C'est ainsi que l'élucidation du double meurtre de Jan Kuciak et de sa fiancée Martina Kusnirova a été retardée. Les soupçons s'étaient certes renforcés sur le fait que l'entrepreneur Marian Kocner, qui avait menacé Jan Kuciak pour un article, avait ordonné le meurtre. Mais à la surprise générale, l'entrepreneur a été acquitté et condamné à 19 ans de prison pour d'autres crimes, notamment pour fraude économique. En 2023 et après cinq ans d'absence, le populiste de gauche Robert Fico est arrivé au pouvoir pour la troisième fois en tant que Premier ministre.

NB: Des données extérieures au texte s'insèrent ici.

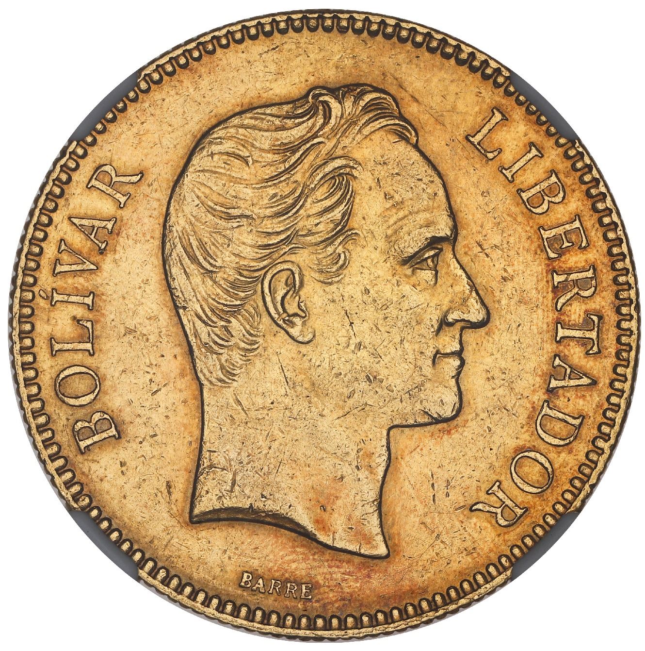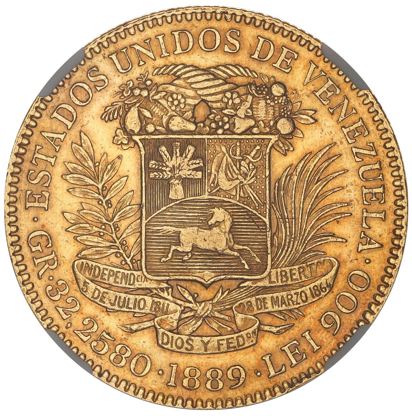 Venezuela, gold 100 bolivares, 1889, NGC AU 55.
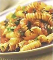 | | Приготовьте пасту таким образом, чтобы она оставалась упругой и немного твердоватой, слейте воду, отставьте в сторону. Помойте помидоры и разрежьте на 4 части. Очистите лук и нарежьте дольками. Удалите косточки из оливок и порежьте их на мелкие кусочки. Мелко посеките чеснок и слегка поджарьте его в масле вместе с дольками лука, пока он не станет прозрачным. Добавьте оливки, помидоры, томатную пасту, петрушку, лавровый лист, специи и готовьте несколько минут на слабом огне. Выложите на сковороду уже приготовленную пасту. Посыпьте ее тертым пармезаном и пассируйте, пока паста не разогреется, а сыр не размякнет.

«L'attentat en Slovaquie est un appel au réveil pour toute l'Europe»

Le politologue Miroslav Radek, de l'université Alexander Dubcek de Trencin en Slovaquie, n'exclut pas des troubles après le dernier attentat, comme il le confie à Blick: «Je crains que les coups de feu tirés sur le Premier ministre à Handlova ne soient pas les seuls et qu'après plusieurs événements violents, il y ait d'autres attaques réciproques.» Selon lui, la suite des événements dépendra principalement des signaux et des appels des membres du gouvernement.

Ulf Brunnbauer, directeur scientifique de l'Institut Leibniz de recherche sur l'Europe de l'Est et du Sud-Est à Ratisbonne, qualifie l'attentat de «césure profonde dans l'histoire de la Slovaquie indépendante». Il s'attend à ce qu'il accentue la polarisation et conduise à une restriction des libertés.

Le fait que le chef du parti nationaliste au pouvoir, SNS, traite les journalistes d'un quotidien critique envers le gouvernement de «porcs répugnants» et parle de «guerre» jette de l'huile sur le feu. Une telle rhétorique, qui contribue également à la brutalisation du discours politique dans d'autres pays, surtout de la part des partis d'extrême droite, devrait donner à réfléchir. «L'attentat en Slovaquie est donc un appel au réveil pour toute l'Europe», rappelle Ulf Brunnbauer.